Comment by kstrauser
1 day ago
I prefer Forgejo, but both it and Gitea support actions like GitHub's. You can have a nice CI/CD pipeline that runs 100% in-house, for free. I adore it for personal projects.
1 day ago
I prefer Forgejo, but both it and Gitea support actions like GitHub's. You can have a nice CI/CD pipeline that runs 100% in-house, for free. I adore it for personal projects.
> You can have a nice CI/CD pipeline that runs 100% in-house, for free.
Interested! Some detail on how you achieve this for free would be great.
Well, Forgejo’s Actions are very similar to GitHub’s: https://forgejo.org/docs/latest/user/actions/actions/
If you want to run a process after each push to a branch or merge into main or whatever, you describe it in a YAML file in that repo. Configure some workers to run those actions and off you go! I use it for things like running tests and applying Terraform changes.
> Gitea support actions like GitHub's
Citation needed. nektos/act is for sure not "like GitHub's"

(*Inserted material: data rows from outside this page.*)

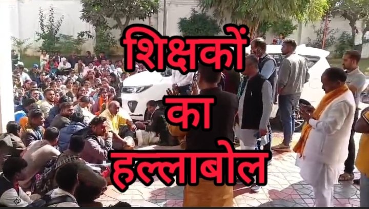 सहायक शिक्षकों का सरकार के खिलाफ हंगामा, बीजेपी मुख्यालय के अंदर घुसकर दिया धरना..!
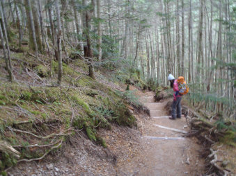 行者小屋への登山道を20分ほど進むと 階段になる。 |
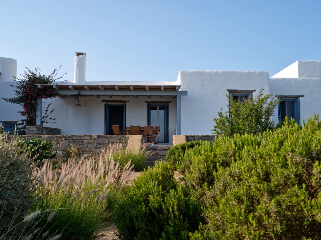 Pergola-covered patio, offering shade and wind protection, outdoor dining table which comfortably seats 6.

Here's Gitea's own comparison to GitHub's Actions: https://docs.gitea.com/usage/actions/comparison
Sure, it's not identical, and no one claims it is. I think it's defensibly like them, though.
Yes it is. It's not identical, but it is "like" it.
Most of my build config run on either platform (Gitea and Github) interchangeably.
We've run Gitea actions (and contributed here and there) for a couple of years, since-by-side with Github. We host in containers on the Gitea side so there are some marginal differences as to what can be run in a job, but our experience has been very positive.